Томми едва не взорвался. Там же, в кабинете. Он хотел отказаться. Он был намерен отказаться… Но начальник был тверд. Столь же твердыми были и остальные его знакомые коллеги. «Ты себя в зеркало видел?! — возмутилась Хелл. — Ты похож на восставшего мертвеца». Аллег тоже заметил, что он выглядит нехорошо. Чья бы корова мычала, мог бы огрызнуться Томми, но… не стал. Не хватило духу. В противном случае, пришлось бы признаваться самому себе в ещё одной проблеме, отчаянно прессующей серое вещество.
Аллег, несмотря на всю свою нарочитую жизнерадостность, заметно сдал — стал ещё более рассеянным и слабым. Теперь это проявлялось не только в каких-то элементарных вещах, вроде забытых в кармане очков или повторения одного и того же по несколько раз. Аллег стал неуклюжим и неряшливым. Он мог поскользнуться на ровном месте, одним неловким движением опрокинуть стопку папок или испачкать края рубашки в соусе и даже не заметить этого. Из-за этого мужчина становился нервным, раздражительным, даже вспыльчивым в какой-то мере.
Самое жуткое, по крайней мере для Томми, было то, что Аллег, похоже, прекрасно понимал, что с ним творится что-то неладное, но упорно делал вид, что все в порядке, отчаянно скрывая за широкой улыбкой и нарочитой веселостью все вылезающие наружу слабости.

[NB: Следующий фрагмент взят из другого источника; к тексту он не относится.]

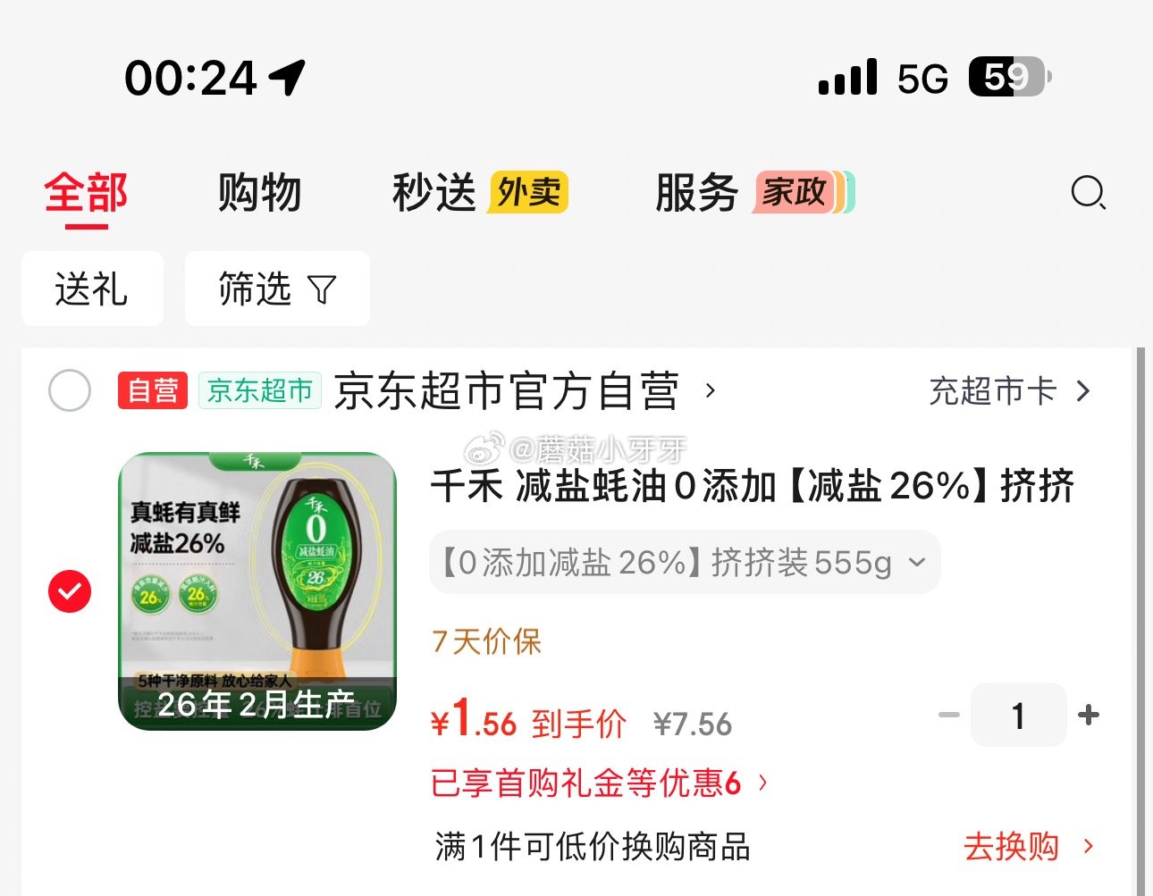 🐶东3-2券!千禾减盐蚝油挤挤装555g低至1.56元

А слабостей этих с каждым днем становилось все больше. И когда по офису поползли слухи о его скором увольнении, Томми всерьез забеспокоился. Он уже хотел поговорить об этом с Аллегом — благо, теперь статус позволял. Но, как назло, именно в этот день его мозг проявил непростительное самоволие, посмев самостоятельно привести в исполнения протокол «Боже храни Мозг раба своего Тупого», следствием которого стал тот самый обморок и тот самый добровольно-принудительный выпер «на поотдыхать» сроком ровно на две недели.

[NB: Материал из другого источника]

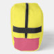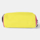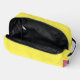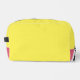 A bright yellow toiletry bag with a pink at the bottom.

Подобное самоуправство было поддержано, как со стороны всех сочувствующих в конторе, так и со стороны родни и всяких там «левых». За последних было особенно обидно. Томми искренне надеялся, что хотя бы Род его поддержит, а он… «Ты дебил?! Две недели праздного безделья за чужой счет — и ты ещё смеешь упираться, как баран?! Хотя почему, сосбсна, «как»?..» Томми был полон негодования. За две недели его мозг не столько успокоится и придет в норму, сколько окончательно «крашнется» от переизбытка гипотез, теорий и домыслов. Ну, пусть хоть Чуги порадуется, что папка его дома…
«Я так больше не могу, — думал Томми, отчаянно ища в списке контактов букву «Д». — Клянусь Ктулху, я щас сойду с ума».
Эти две недели обглодали его до костей. Мозг был готов разорваться на куски, сердце давно поселилось где-то глубоко в иссохшем горле. Муки совести вели долгие кровопролитные сражения со смелыми подозрениями на бесплотных полях его помутненного рассудка. Томми был на грани. В исступлении. Даже сейчас, когда он набирал номер, его всего колотило.
«Это безумие сведет меня в могилу, — решил он, окончательно измаявшись. — Я так близко к точке невозврата, как не был уже очень и очень давно».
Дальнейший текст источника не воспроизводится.